I wouldn't be surprised if the fact that this post is getting decent attention means that AWS will use this solution as a proof of concept for investigating a future managed AWS service where the customer doesn't have to fully manage all of these moving pieces, but this post isn't that.
I doubt a customer asked AWS: hey, can I get a graph of how the resources in my accounts all interconnect while maintaining the clusters for the data stores, handling upgrade, security, etc. myself and paying hundreds of dollars a month for the pleasure?
The alternative is a customer asked for a way to see how resources were connected and how much it was costing them, and AWS, unable to deliver because of N hurdles (I mentioned security, but no doubt others), delivered this instead. Again: this should be a managed service and free.
Luckily it appears to be a "solution" instead of a core AWS product, otherwise I was about to say AWS has turned into a parody of itself.

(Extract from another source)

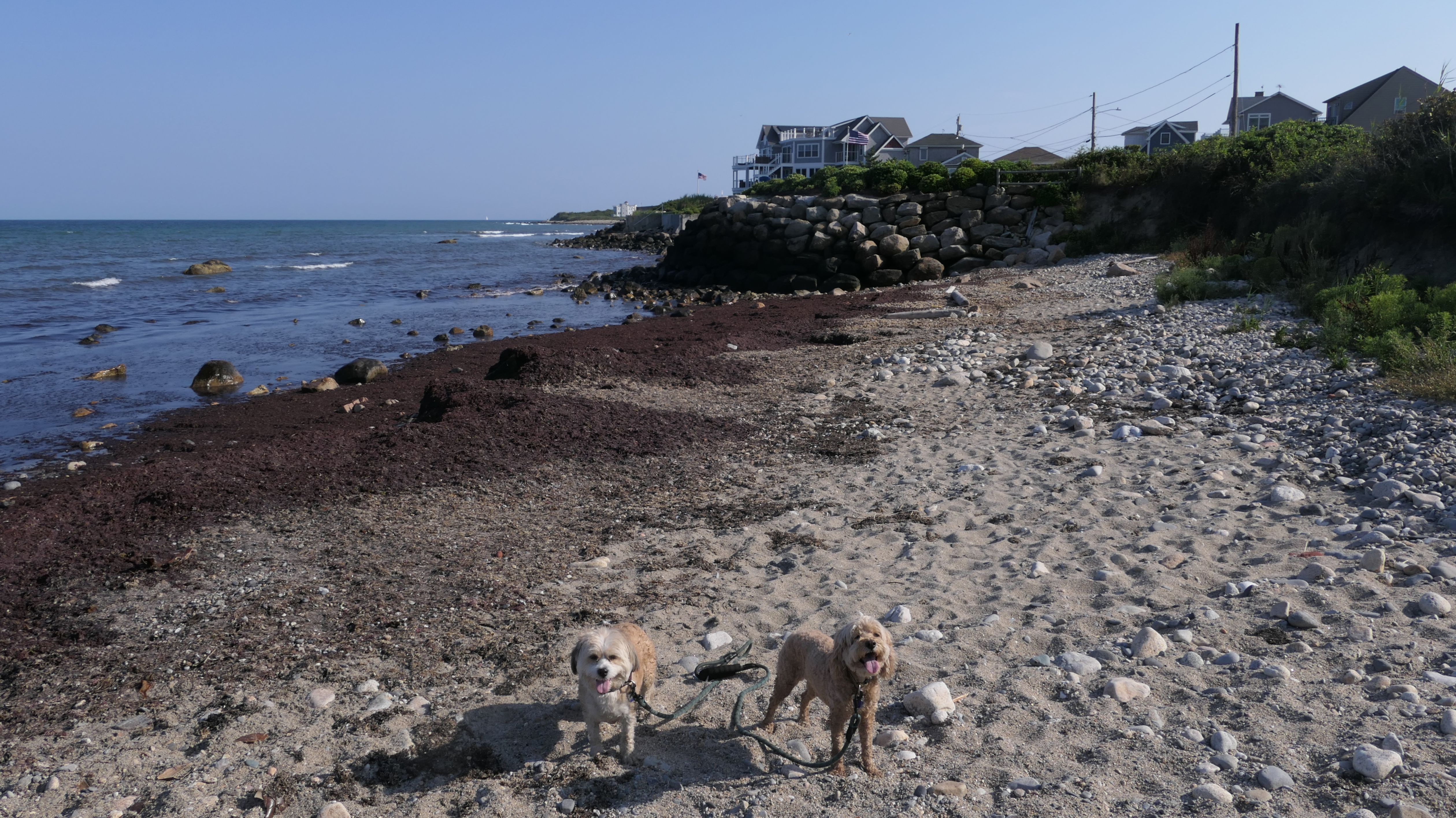 We parked near the intersection of Ocean Avenue and Point Judith Road, and walked to the access point on Major Arnold Road. We walked along the rocky shoreline until we hit the beach. Despite being a beautiful evening, the beach was practically deserted. Mandy and Lexi got to run around a bit.
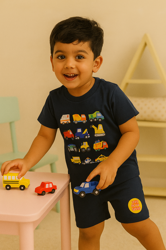 Boys' Cotton Playday Shorts Set with Cute Vehicles Print- Navy

My strong suspicion is that this "AWS Perspective" is something that one of AWS's customers insisted on being built customized for their environment, and then the Solution Architects who designed it for the customer also wanted to get some "external credit" (AWS employees have to create a certain number of externally-facing blog posts/GitHub contributions/etc) so they uploaded it here.
It's free to run locally (doesn't use or require Config), the data is normalized & output as JSON for you to do whatever you want with it. It has better coverage than similar tools (>250 resources & growing), and provides relationship mapping between them as well. It's still a work in progress and might have rough edges, so feel free to file issues to help make it better.
[1] - https://github.com/trek10inc/awsets [2] - https://www.trek10.com/blog/awsets-aws-resource-listing-made...
Abridge collects data across your configured set of AWS accounts & regions. It doesn't draw architecture diagrams, but instead will give you x-vs-y visualizations for a number of different relationships .. IAM users vs. groups, Lambda functions vs. runtimes, EC2 instances vs. keypair, etc.
It'll also provide inventory tables / CSV dumps of the different resource types, and simple free search across all resources.
Security-wise, Abridge collects data via cross-account trusts with the SecurityAudit role, and expires all collected data after 48 hours - more at https://abridge.io/security/.
I kind of feel like you would need $20k+/month spend for it to be worth $500 a month to do this.